Key points:
- S&P 500 makes it across
- PPI inflation comes in hot
- Dip buyers swoop in again
It was a hot inflation report that had traders heading for the exits. Shortly after, however, they came back asking for more of those risk assets.
📈 Saving That Streak
- The S&P 500 (SPX) eked out a tiny 0.03% gain to 6,468.54, just enough to keep its winning streak alive — the third straight record close and the 18th all-time high of the year. Not bad for a day that looked doomed by lunch.
- The Nasdaq Composite slipped 0.01% and the Dow Jones Industrial Average fell 11 points, both staging a near-even recovery after being hit hard in the morning.
- At session lows, the 30-stock Dow was lower by more than 200 points while its two heavyweight peers were off by 0.4%. That’s before buyers with deep pockets — and perhaps deeper confidence — flooded back in.
😨 PPI Jumpscare
- July’s Producer Price Index USPPI surged 0.9% month-on-month — more than 4x what Wall Street expected (0.2%) — snapping June’s flat reading and swapping rate-cut dreams with nightmare fuel.
- The hotter print signals inflationary pressures are alive and kicking in the wholesale pipeline, with sectors like manufacturing and services still pushing costs up.
- With the PPI often a leading indicator for consumer prices, traders are now rethinking how much of a “sure thing” a September Fed cut really is — the odds are still decent, but the conviction took a hit.
💸 Dip Buyers Flex (Again)
- And yet, optimism prevailed once again.
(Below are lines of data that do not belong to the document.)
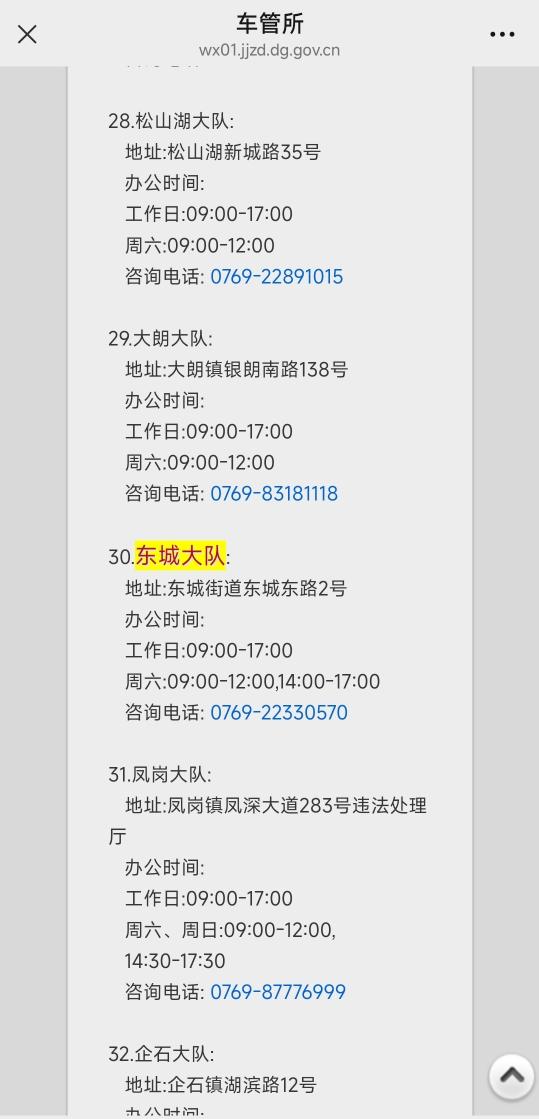 尊敬的市民,您好!您反映的问题已收悉,3月31日已联系您,现回复如下:感谢您对东城交管大队工作的监督和提醒!东城交管大队违法处理大厅咨询电话是0769-22330570,市民可通过东莞交警公众号-便民指南-办事指引-电动自行车违法处理网点信息对东莞市所有交管大队违法处理大厅的地址和电话进行咨询。您拨打电话所显示的信息可能是手机软件被人进行标注,该违法信息是东城交管大队发送。感谢您对我们工作的理解!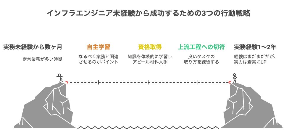 「運用がメインなのであれば、運用設計ができないか」「運用の経験を活かして設計構築の業務を担当」など、今の仕事を土台に設計要素の業務を取りにいきましょう。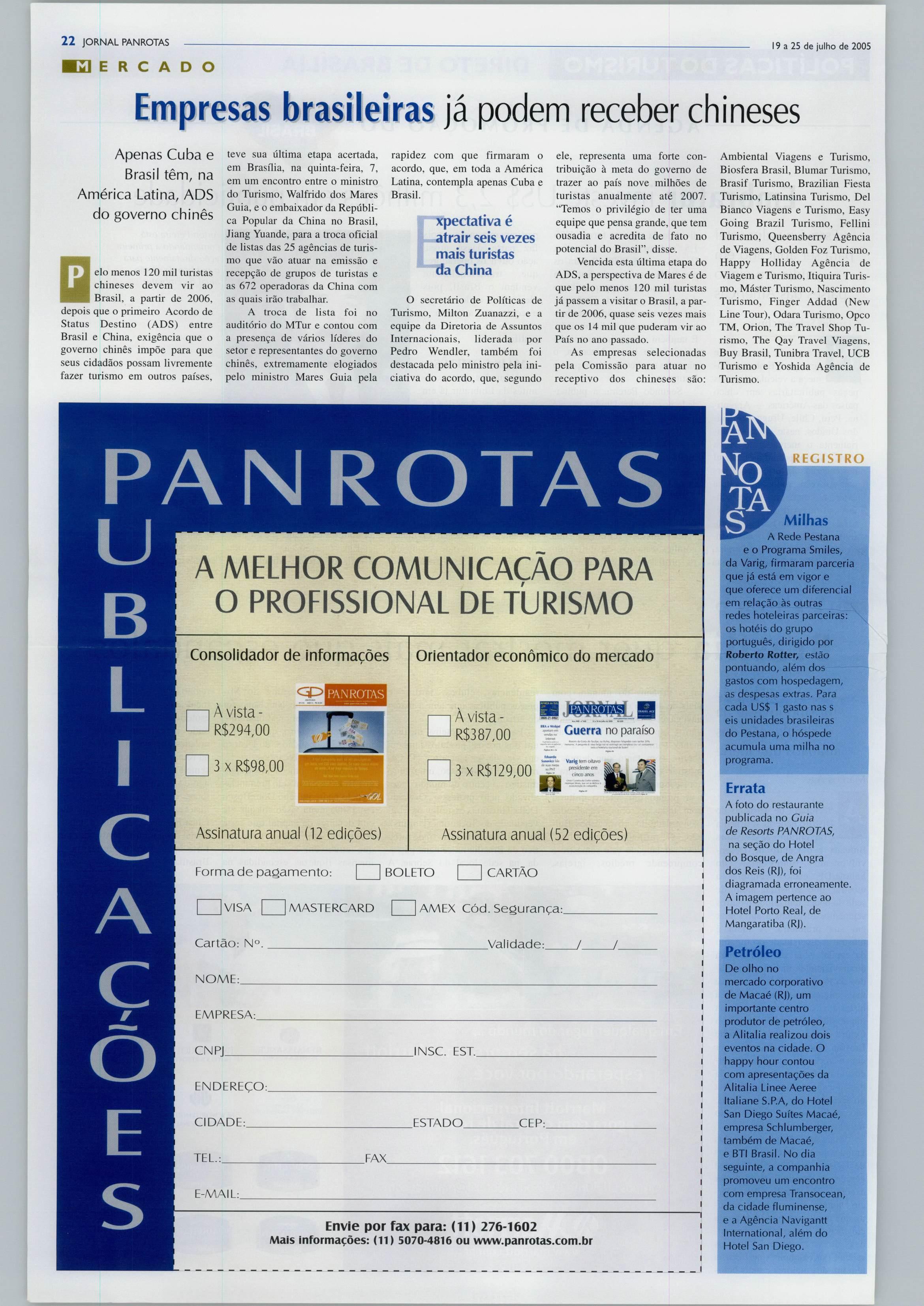 ÍVlatriz - Av.Jabaquara, 1.761 -SãoPaulo CEP 04045-901 - Tel. (11) 5070-4800 Filial - Av. RioBranco277,sala 1.508 RJ-CEP 20040-901. leis. (21) 2220-0249 ou 2240-9443. ImpressonaLisGráficaeEditoraLtda. (CuarulhoiíP) ASSINATURAS OJornal PANROTAS évendidosomentepor assinatura.Paraassinar,ligueno (11) 5070-4816 ou acesse osite wvvw.panrotas.com.br Assinatura anuai: RS 387,00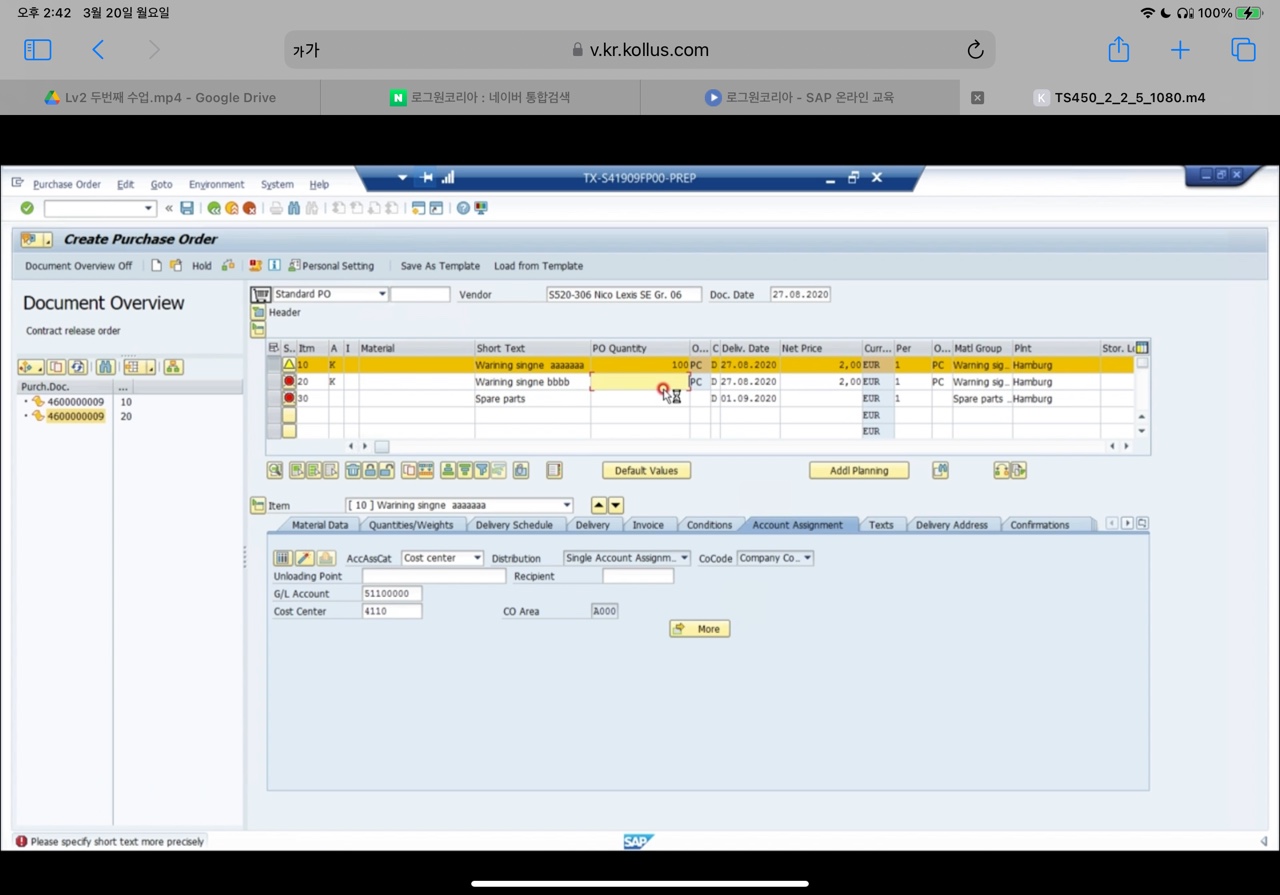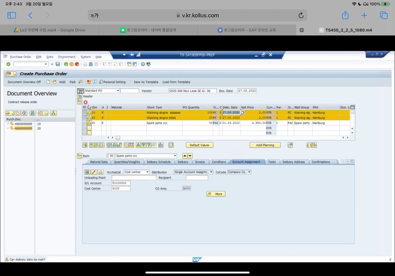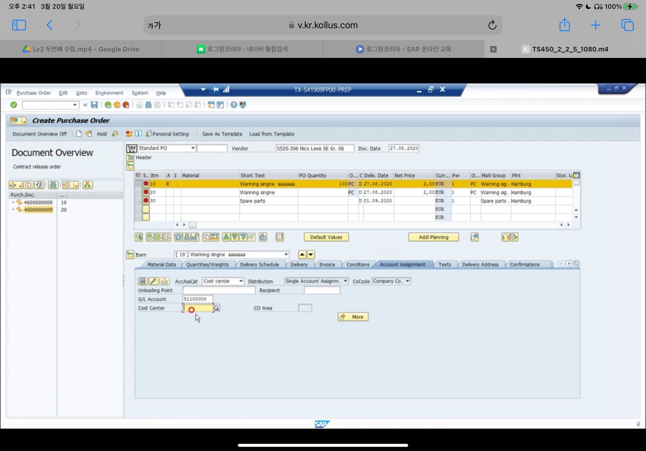 - consumable material에서는 ACC Assignment 반드시 기재해야함

The late-session reversal was powered by aggressive buying in cyclicals and megacaps, the kind of “don’t fight the tape” rally pros have seen all year.
- Dip-buying has become the default playbook in this market, helped by strong earnings, a still-resilient economy, and massive liquidity flows. A market can’t even fall properly these days.
- And there you have it — three straight wins for the S&P 500 despite a macro headwind this big. Judging by the broad reaction, traders are still more scared of missing the rally than they are of inflation.